What we know about the speech
By MIKE ALLEN | 09/05/09 12:14 PM
1) There will be a President’s Plan, even if they don’t call it that. We’ll be able to list bullet points of what’s on the table, and what he thinks warrants further debate, such as cost and pay-fors.
2)
He will not confront or scold the left. "This is a case for bold action, not a stick in the eye to our supporters," said an official involved in speech preparation. "That’s not how President Obama thinks.

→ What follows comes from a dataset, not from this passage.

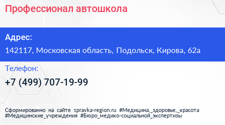 Профессионал, автошкола по адресу 142117, Московская область, Подольск, Кирова, 62а в дальнейшем Организация, размещена в следующих категориях: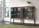 Internal glass shelves and two glass doors allow you to see your display inside the beautiful walnut cabinet, which can be left natural, stained or matt lacquered in a range of colours.

The politics of triangulation don’t live in this White House." 3) He will make an overture to Republicans: "He will lay out his vision for health reform – taking the best ideas from both parties, make the case for why as a nation we must act now, and dispel the myths and confusion that are affecting public opinion," the aide said.
4)
His comments on a public option are evolving this weekend after heavy blowback from the left about his intention to omit an insistence on it from his plan. Liberal congressional leaders were unyielding on a conference call yesterday, and he's going to meet with them at the White House early next week. Obama's aides want to thread the needle of being supportive of a public option -- even suggesting he will fight for it -- without promising to kill health reform to get it. The left hates the formulation: "We have been saying all along that the most important part of this debate is not the public option, but rather ensuring choice and competition. There are lots of different ways to get there." So look for the president to hit the gas harder, along the lines of: "He has consistently said that he thinks the public option is an important way to make sure that their both cost and competition control. He’s also said consistently that if someone can show him a better way or another way to get there, he’d be happy to look at it. But he’s never committed to going with another way. He’s always said he’d be happy to look at any proposal that gets to these goals, but that he thinks this is probably the best better way to do it."
5) Some notes have circulated among top advisers, but there’s no true draft yet, because key decisions are being hashed out. Even the length is not yet set. "He has not made any final decisions about the ultimate form of his package," said another top official guiding speech preparation. "Anyone that tells you that he has is misinformed or extrapolating from conversations. He’s going to talk to a lot of people between now and next Wednesday. The president is in the process of deciding what his ultimate proposal will look like."
6) Also undecided: whether to follow up with nitty-gritty legislative language. "He has not made decisions about how he’s going to move this thing forward," said a top West Wing aide.
7) The speechwriters are on the West Coast for Ben Rhodes’ wedding, so the mother ship has a three-hour jump on them. Robert Gibbs said at his gaggle yesterday that the president is working on the speech over the weekend.